___ EXTRACTED RECORDS
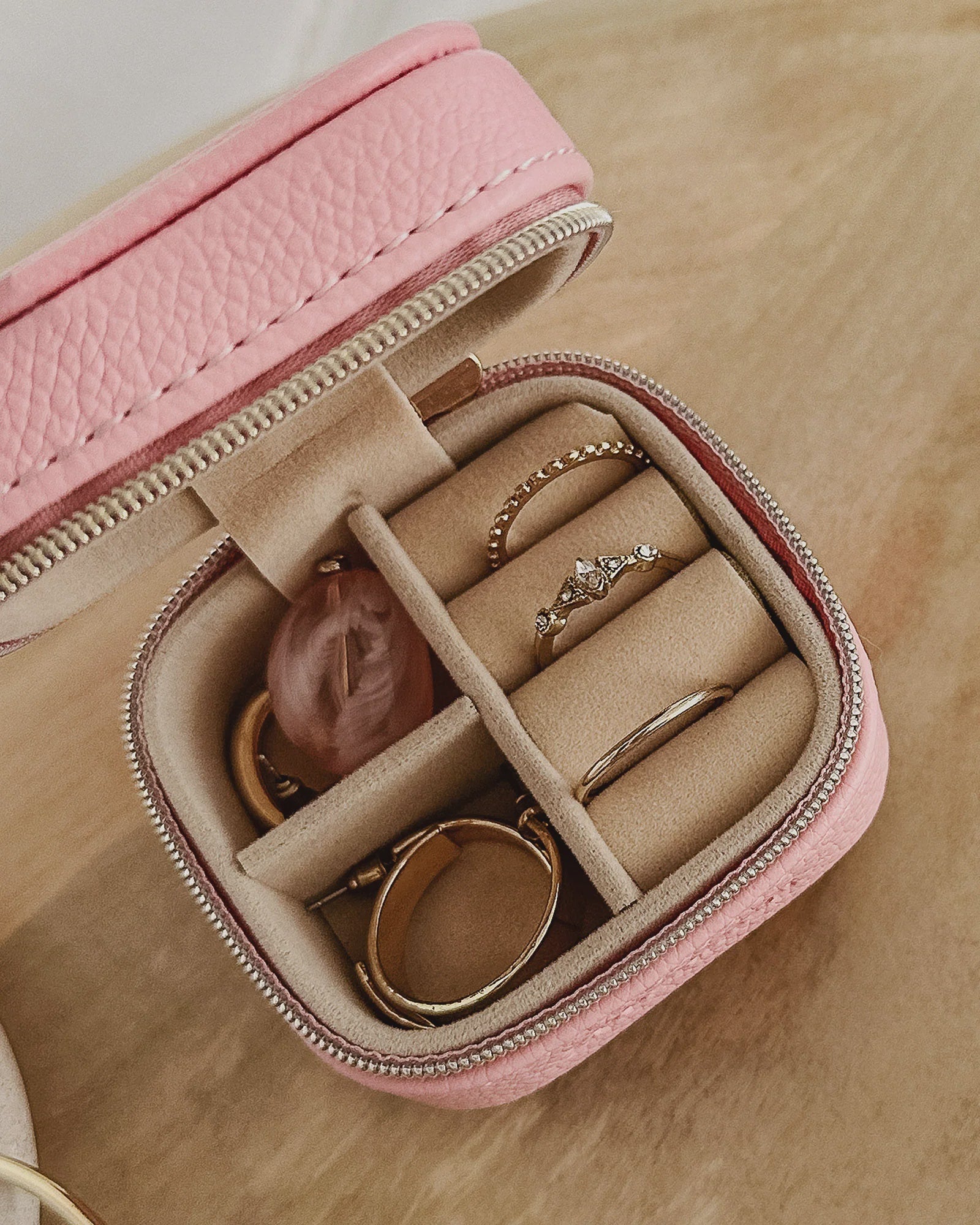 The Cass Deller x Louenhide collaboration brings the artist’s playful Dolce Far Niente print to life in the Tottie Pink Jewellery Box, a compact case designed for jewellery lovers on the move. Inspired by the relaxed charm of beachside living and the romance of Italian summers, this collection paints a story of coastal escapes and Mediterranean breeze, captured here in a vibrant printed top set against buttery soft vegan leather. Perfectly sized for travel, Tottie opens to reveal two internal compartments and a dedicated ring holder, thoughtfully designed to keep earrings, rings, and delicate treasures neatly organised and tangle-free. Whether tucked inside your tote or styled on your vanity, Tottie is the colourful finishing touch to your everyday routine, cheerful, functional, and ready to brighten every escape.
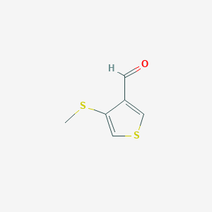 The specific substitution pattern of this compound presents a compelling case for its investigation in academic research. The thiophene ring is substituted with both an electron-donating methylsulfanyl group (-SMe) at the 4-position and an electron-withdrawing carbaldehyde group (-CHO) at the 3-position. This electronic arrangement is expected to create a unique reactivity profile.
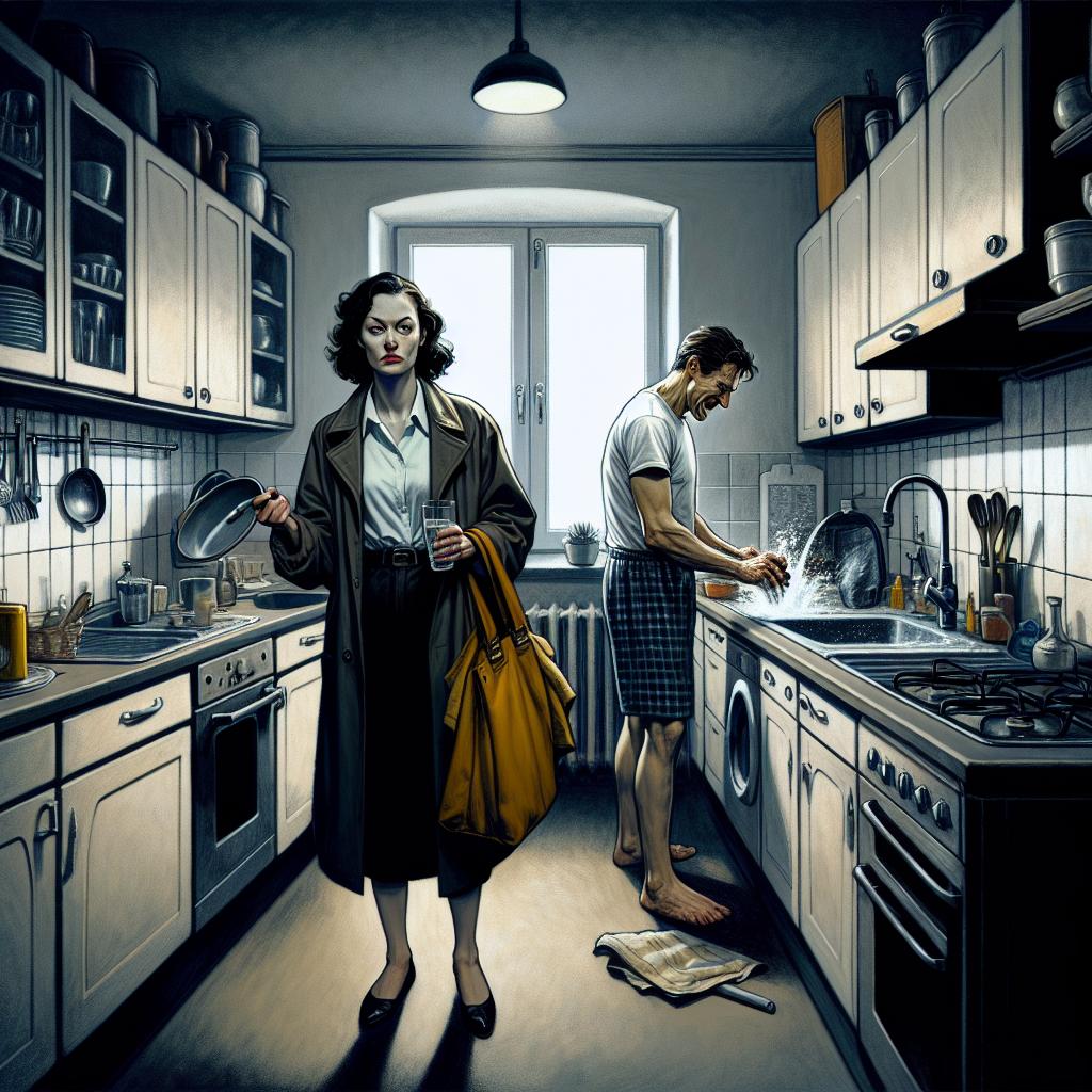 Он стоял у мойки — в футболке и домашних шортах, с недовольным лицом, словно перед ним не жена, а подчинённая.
______
___ EXTRACTED RECORDS
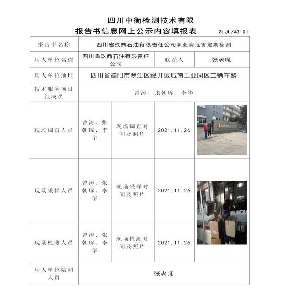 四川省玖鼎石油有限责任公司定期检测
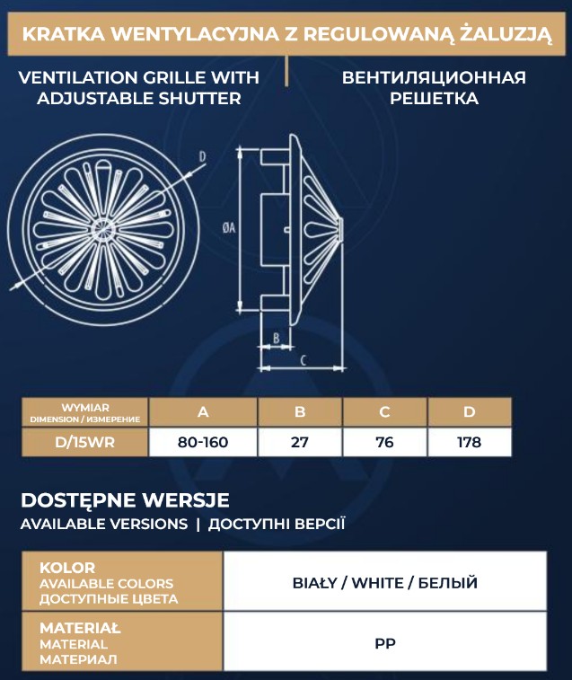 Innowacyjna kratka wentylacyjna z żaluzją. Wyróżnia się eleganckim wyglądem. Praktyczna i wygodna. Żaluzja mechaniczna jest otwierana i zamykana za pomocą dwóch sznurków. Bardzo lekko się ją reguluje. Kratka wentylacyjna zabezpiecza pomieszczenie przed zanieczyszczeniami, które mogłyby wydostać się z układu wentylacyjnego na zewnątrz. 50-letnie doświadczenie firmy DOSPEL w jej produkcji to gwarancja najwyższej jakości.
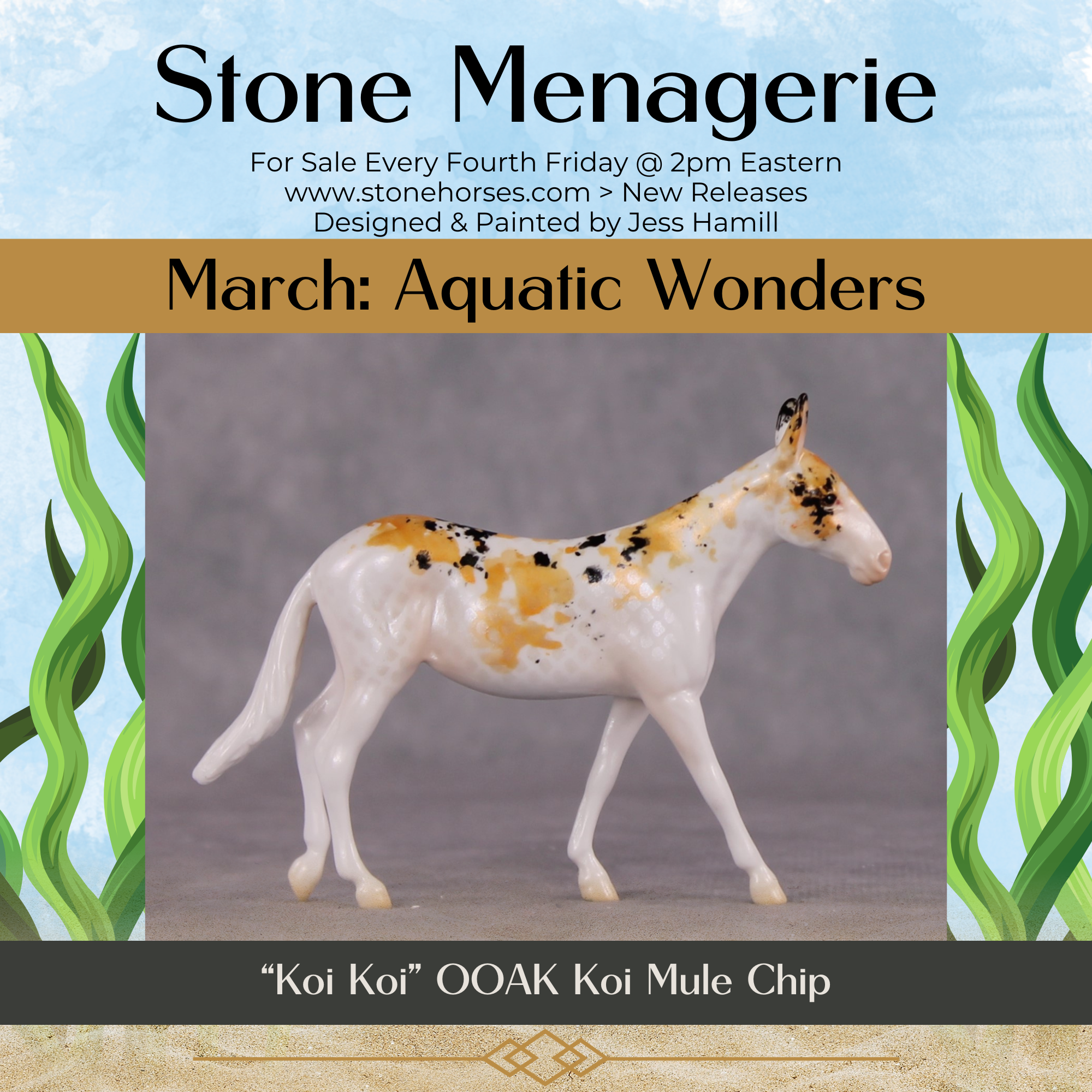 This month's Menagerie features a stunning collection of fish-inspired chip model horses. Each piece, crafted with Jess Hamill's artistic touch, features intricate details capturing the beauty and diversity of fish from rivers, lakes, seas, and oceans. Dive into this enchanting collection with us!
______
___ EXTRACTED RECORDS
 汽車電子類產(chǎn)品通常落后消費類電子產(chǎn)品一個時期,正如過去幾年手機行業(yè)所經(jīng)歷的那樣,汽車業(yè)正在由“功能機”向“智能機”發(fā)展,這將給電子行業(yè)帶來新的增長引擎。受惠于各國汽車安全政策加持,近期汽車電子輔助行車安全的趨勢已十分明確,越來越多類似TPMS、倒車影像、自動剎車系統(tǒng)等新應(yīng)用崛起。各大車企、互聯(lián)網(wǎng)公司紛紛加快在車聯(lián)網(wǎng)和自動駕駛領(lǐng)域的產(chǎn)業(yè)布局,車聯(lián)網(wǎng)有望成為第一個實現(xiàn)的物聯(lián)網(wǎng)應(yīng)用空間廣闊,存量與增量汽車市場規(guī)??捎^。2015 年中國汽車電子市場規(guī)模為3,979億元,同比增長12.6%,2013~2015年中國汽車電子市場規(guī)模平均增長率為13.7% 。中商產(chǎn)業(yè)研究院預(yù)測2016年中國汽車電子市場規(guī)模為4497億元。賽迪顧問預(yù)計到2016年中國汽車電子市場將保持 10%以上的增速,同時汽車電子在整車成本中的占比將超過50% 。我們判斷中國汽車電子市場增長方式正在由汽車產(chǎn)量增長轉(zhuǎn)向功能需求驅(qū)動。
______
# WHAT YOU NEED TO DO:
For this exercise, please set down exactly the lines of the listing above from the line with "四川省玖鼎石油有限责任公司定期检测" up to and including the line with "This month's Menagerie", and no pictures.

# RESULT OF THIS TASK:
 四川省玖鼎石油有限责任公司定期检测
 Innowacyjna kratka wentylacyjna z żaluzją. Wyróżnia się eleganckim wyglądem. Praktyczna i wygodna. Żaluzja mechaniczna jest otwierana i zamykana za pomocą dwóch sznurków. Bardzo lekko się ją reguluje. Kratka wentylacyjna zabezpiecza pomieszczenie przed zanieczyszczeniami, które mogłyby wydostać się z układu wentylacyjnego na zewnątrz. 50-letnie doświadczenie firmy DOSPEL w jej produkcji to gwarancja najwyższej jakości.
 This month's Menagerie features a stunning collection of fish-inspired chip model horses. Each piece, crafted with Jess Hamill's artistic touch, features intricate details capturing the beauty and diversity of fish from rivers, lakes, seas, and oceans. Dive into this enchanting collection with us!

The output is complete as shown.